▶ **What needs to be done**: Once the pictures are set aside, copy everything else in the records exactly.

[[ Given information open ]]

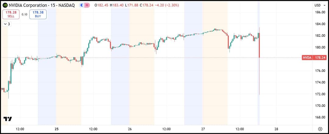 همزمان، سهام NVDA در معاملات پس از بازار روز چهارشنبه تا سطح ۱۷۲ دلار ریزش کرد.
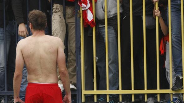 Kako je prenelo list Klarin, navijači su u 60. minutu utakmice ušli u teren i Elijasu Di Bjasiju skinuli dres i šorts, u trenutku kada je njegova ekipa gubila 3:0.
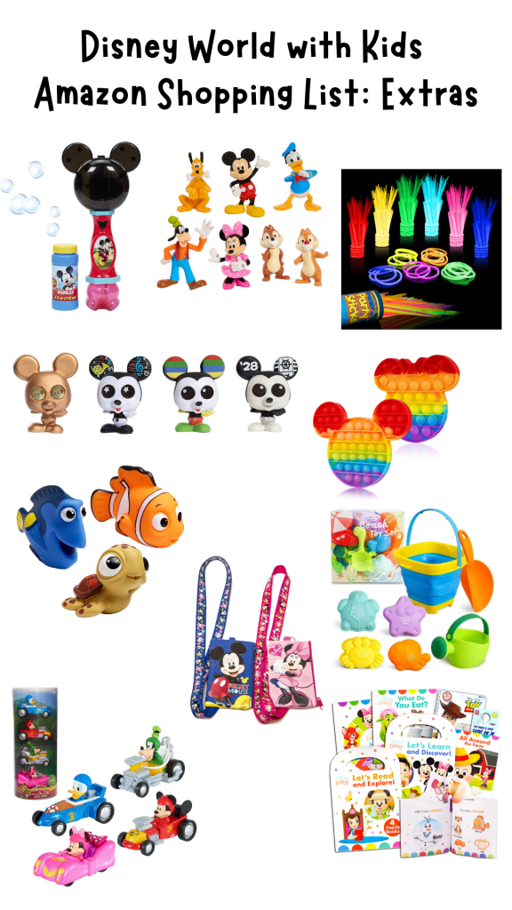 Bath/pool toys: This is definitely an “extra,” but my kids loved having a few bath toys for the room, and they can also be fun to take to the pool. HERE are a few cute Disney options.
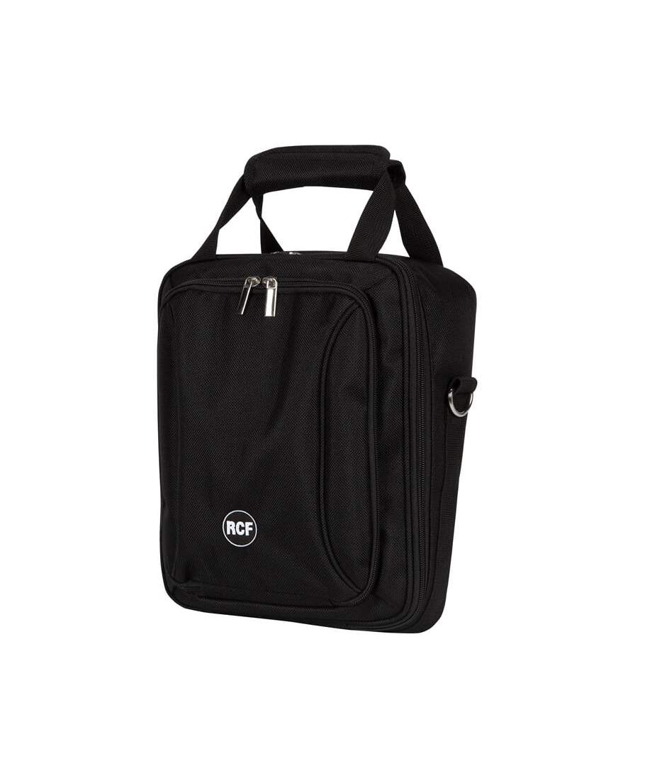 RCF BG F 6X. Bolsa de lona acolchada para mezcladora RCF F 6X con asa y bandolera. Ámplio bolsillo frontal con compartimento separado para tabletas u otros accesorios.
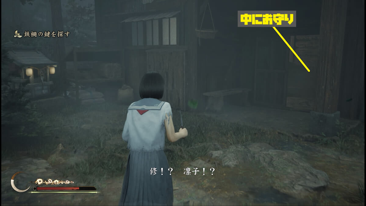 マップ南西の祠に着いたら、横の小屋でお守り「ヤギ」を入手できます。
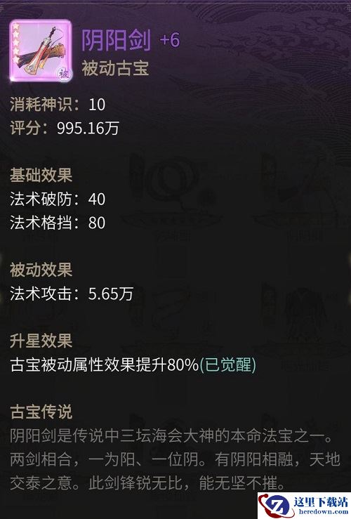 在《一念逍遥》中,阴阳剑也是非常强力的珍宝,阴、阳两剑相合有天地交泰之意,此剑锋利无比、无坚不摧,可提升法术破防和法术格挡,还能大大提升法术攻击,是为修仙者干架切磋必备之物。
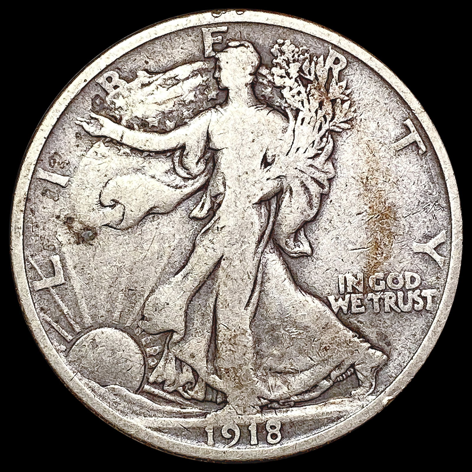 1918 D Walking Liberty Half Dollar Nicely Circulated
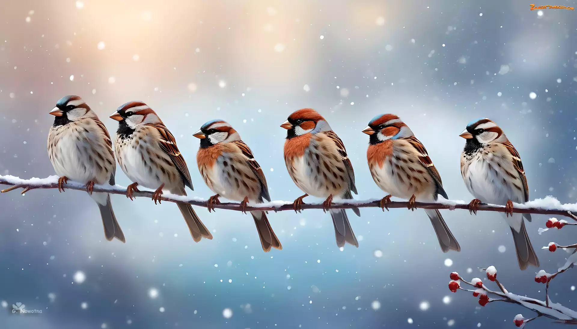 Zdjęcie: Gałązka, Sześć, Ptaków, Wróblowate, Grafika, Ptaki, Śnieg
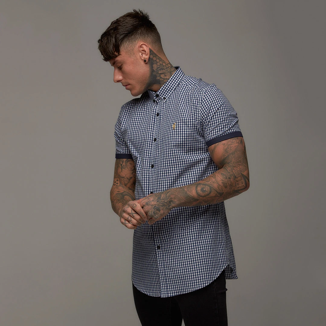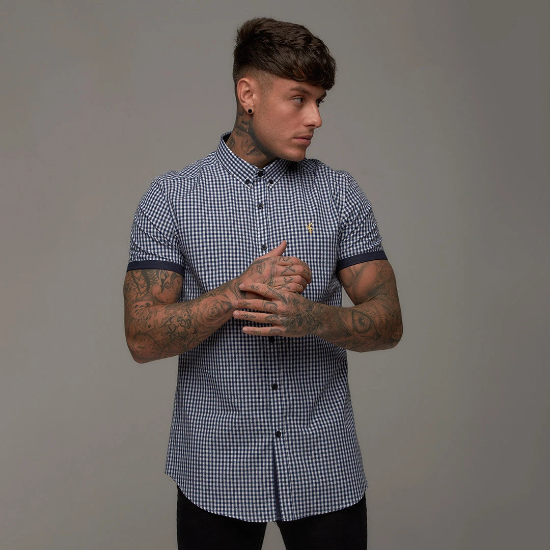Father Sons Classic Navy White Gingham Dobby Short Sleeve (Gold Emblem) – FS243
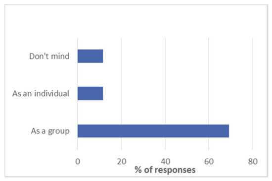 Illustrates that the participants preferred to deliver their feedback as a group rather than individually. A small number of participants did not mind whether they were part of a group or not.

[[ Given information closed ]]

▶ **Written answer**:
 همزمان، سهام NVDA در معاملات پس از بازار روز چهارشنبه تا سطح ۱۷۲ دلار ریزش کرد.
 Kako je prenelo list Klarin, navijači su u 60. minutu utakmice ušli u teren i Elijasu Di Bjasiju skinuli dres i šorts, u trenutku kada je njegova ekipa gubila 3:0.
 Bath/pool toys: This is definitely an “extra,” but my kids loved having a few bath toys for the room, and they can also be fun to take to the pool. HERE are a few cute Disney options.
 RCF BG F 6X. Bolsa de lona acolchada para mezcladora RCF F 6X con asa y bandolera. Ámplio bolsillo frontal con compartimento separado para tabletas u otros accesorios.
 マップ南西の祠に着いたら、横の小屋でお守り「ヤギ」を入手できます。
 在《一念逍遥》中,阴阳剑也是非常强力的珍宝,阴、阳两剑相合有天地交泰之意,此剑锋利无比、无坚不摧,可提升法术破防和法术格挡,还能大大提升法术攻击,是为修仙者干架切磋必备之物。
 1918 D Walking Liberty Half Dollar Nicely Circulated
 Zdjęcie: Gałązka, Sześć, Ptaków, Wróblowate, Grafika, Ptaki, Śnieg
Father Sons Classic Navy White Gingham Dobby Short Sleeve (Gold Emblem) – FS243
 Illustrates that the participants preferred to deliver their feedback as a group rather than individually. A small number of participants did not mind whether they were part of a group or not.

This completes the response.